Brazilian with German Olympian’s heart runs race of her life

Brazilian Ivonette Balthazar, 67 (C), who was submitted to a heart transplant one year ago, participates in a three-kilomeer (1.9-mile) fun run alongside Copacabana beach in Rio de Janeiro, Brazil, on September 24, 2017. / AFP / Mauro Pimentel /

RIO DE JANEIRO, Brazil (AFP) – Brazilian Ivonette Balthazar felt jittery ahead of a Rio de Janeiro road race Sunday, but her heart — transplanted from a German Olympian a year ago — spurred her on.

In the midst of a long recovery from a transplant operation last year, the three-kilometer (1.9-mile) fun run alongside Rio’s Copacabana Beach seemed like a marathon to 67-year-old Balthazar.

That heart, though, wouldn’t let her sit back.

“The heart of an athlete beats inside me, the heart of a young person,” she said at the start line. “This heart demands more from my body than I was used to.”

So, dressed in lycra and purple running shoes, with the number 2799 and a big red paper heart pinned to her shirt, Balthazar set slowly off with hundreds of other competitors down the famous seafront.

Only 13 months ago, while her home city was hosting the Olympics, Balthazar faced imminent death.

Her heart — ravaged by smoking, years of stressful work at her human resources agency, and a heart attack in 2012 — registered barely 40 beats a minute. Although she’d risen to the top of the waiting list for a new heart, it seemed too late.

Then on August 15, 2016, she got a call from Rio’s heart hospital, the Instituto Nacional de Cardiologia.

Stefan Henze, a German Olympic canoeing team coach and winner of silver in the 2004 Athens Olympics, had died in a car accident — and Balthazar was assigned the 35-year-old’s heart.

Ever since, she says she and Henze have become a team of sorts. On Sunday, she put that partnership to the test.

“If I didn’t have this heart, I wouldn’t be running,” Balthazar said. “This race today is a challenge for me — and for him.”

Feels like gold

Although she has regular physiotherapy at the hospital, the race was Balthazar’s first major unmonitored physical outing.

Nervous about how she’d hold up, she decided to walk, not run.

But Balthazar grew visibly more confident, her pace increasing until she moved at a brisk stride.

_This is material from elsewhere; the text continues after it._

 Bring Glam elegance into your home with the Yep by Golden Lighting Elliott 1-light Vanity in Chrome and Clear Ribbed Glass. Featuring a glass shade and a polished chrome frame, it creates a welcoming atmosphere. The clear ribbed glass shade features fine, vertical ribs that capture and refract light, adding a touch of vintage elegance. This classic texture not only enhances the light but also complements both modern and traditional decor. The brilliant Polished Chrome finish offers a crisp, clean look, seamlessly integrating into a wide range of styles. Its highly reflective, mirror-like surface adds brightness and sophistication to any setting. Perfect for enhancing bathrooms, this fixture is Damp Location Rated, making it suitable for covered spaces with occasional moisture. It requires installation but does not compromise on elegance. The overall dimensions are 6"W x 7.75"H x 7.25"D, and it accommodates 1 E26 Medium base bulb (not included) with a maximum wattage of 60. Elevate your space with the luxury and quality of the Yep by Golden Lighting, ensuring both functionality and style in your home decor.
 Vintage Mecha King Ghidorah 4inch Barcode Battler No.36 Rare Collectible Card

Tears of joy welled up when she reached the halfway mark — then flowed at the finish line.

Even on the happiest days, Balthazar is aware of the inseparable sadness, often thinking of Henze’s family.

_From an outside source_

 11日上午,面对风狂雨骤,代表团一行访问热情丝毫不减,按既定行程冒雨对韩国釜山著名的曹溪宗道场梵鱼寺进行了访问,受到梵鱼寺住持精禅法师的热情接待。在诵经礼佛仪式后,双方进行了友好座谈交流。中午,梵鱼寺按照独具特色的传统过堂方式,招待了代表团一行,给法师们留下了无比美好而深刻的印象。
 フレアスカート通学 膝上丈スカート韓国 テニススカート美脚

She’d love to meet his mother, “to hug her and thank her,” Balthazar said, mindful however that this might be too upsetting for his relatives.

While she celebrates daily victories, “on the other side there is an entire family crying,” Balthazar said.

So she does her best — for herself and for her silent partner.

“The two of us are here,” Balthazar said.

After the race, she embraced her own elderly mother, her daughter and grandchildren, before posing for photos with the race medal around her neck.

Anyone finishing could pick up a medal — but it really meant something to Balthazar.

Copying a gesture often seen on Olympic podiums, she bit down playfully on the metal prize.

“This is a gold medal for me,” she said.